Medics who have trained on the course have gone on to work in Sierra Leone, Iraq, East Timor and Bosnia.
The experts said that, once the faculty was fully established, it was hoped it would be able to offer travelling fellowships, training days, and further qualifications.
'Challenges'
President of the faculty, Brigadier Alan Hawley, who has worked in Afghanistan and post-genocide Rwanda, said: "I experienced first-hand the challenge of delivering medical care to people whose lives are stricken by conflict.
"In an increasingly unstable world, more and more health professionals will be faced with such challenges."

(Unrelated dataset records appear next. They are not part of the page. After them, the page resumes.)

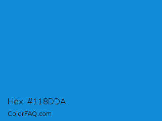 Hex #118dda Color is a normal blue color and the nearest color is Rich Electric Blue #0892d0. Hex code #118dda and RGB value is rgb(17,141,218). In RGB color space, this color is composed of 7% red, 55% green, 85% blue, In CMYK color space, this color is composed of 92% cyan, 35% magenta, 0% yellow , 15% black , In HSL color space, this color has a hue angle of 203° , 86% saturation and 46% lightness.
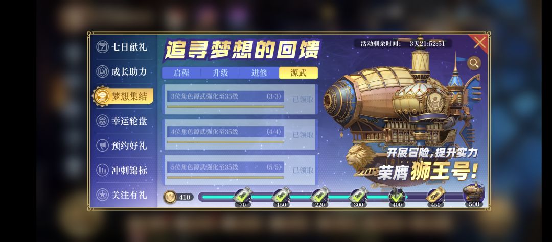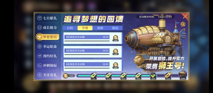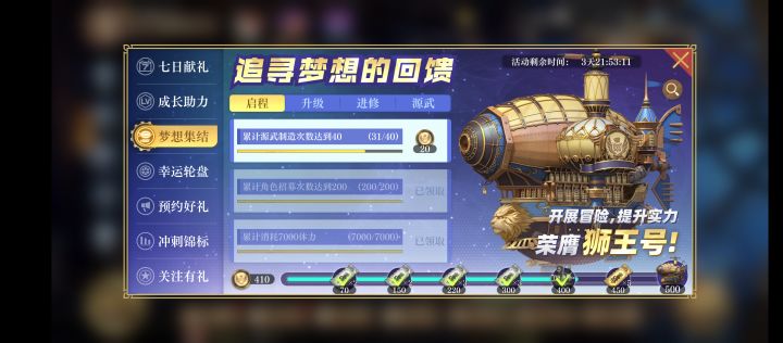 梦想集结,拿到500点需要做的任务,给大家发出来做个参考,大家少走弯路,7天之内是可以拿到拿到“狮王号”的。
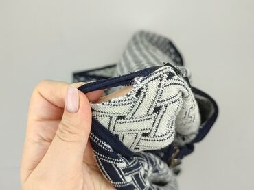 - Wzór: gęsty geometryczny deseń w odcieniach granatu, bieli i szarości
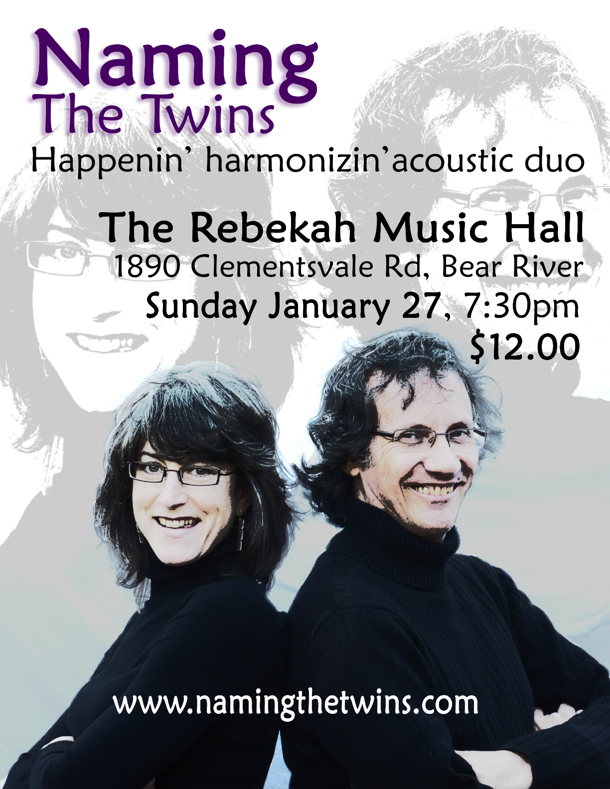 2013-01-05 Flora Doehler Naming the Twins – music @ the Rebekah Jan 27 SUNDAY, JANUARY 27 @ 7:30 pm – NAMING THE TWINS @ the Rebekah downstairs location (1890 Clementsvale Rd.) in Bear River. A harmonizing duo from Shelbourne Nova Scotia. $12 @ the door. 44.574954 -65.640113 Share this:Tweet Click to print (Opens in new window) Print Click to email a link to a friend (Opens in new window) Email Share on Tumblr Click to share on Reddit (Opens in new window) Reddit Like Loading... Related

He added: "My colleagues and I who are setting up the faculty have all worked as consultants in the NHS, and our training has been fantastic. But we have all been involved in conflict and catastrophe situations.
"What became clear was that the experience and training that you had is put through the lens of experience in very austere circumstances.
"You go to these areas and your basic assumptions are challenged."
Peter Roberts, emeritus professor of military medicine at the Royal College of Surgeons said: "When I was in Bosnia, one of the things I found myself doing was providing moral support to fellow medics who suddenly found themselves providing third world medicine.
"They were providing the most possible care to the most possible people, as they had to.
"And during the recent Gulf War, when Azabiya hospital was liberated, it was absolute chaos. The doctors had left, and only nurses remained.
"The hospital was bursting at the seams. There was probably in excess of 250 people clamouring to be seen."
"There was only one doctor who was able to go there. But, because he was trained, he was able to cope."
Jim Ryan, Leonard Cheshire Professor of Conflict Recovery at University College London (UCL) who recently visited Sri Lanka to assess the needs of hospitals treating victims of the tsunami, said: "To work in potentially dangerous conditions involving extremes of climate and terrain requires specialist knowledge.
"I welcome the launch of this Faculty as it demonstrates a long term commitment to providing this expertise."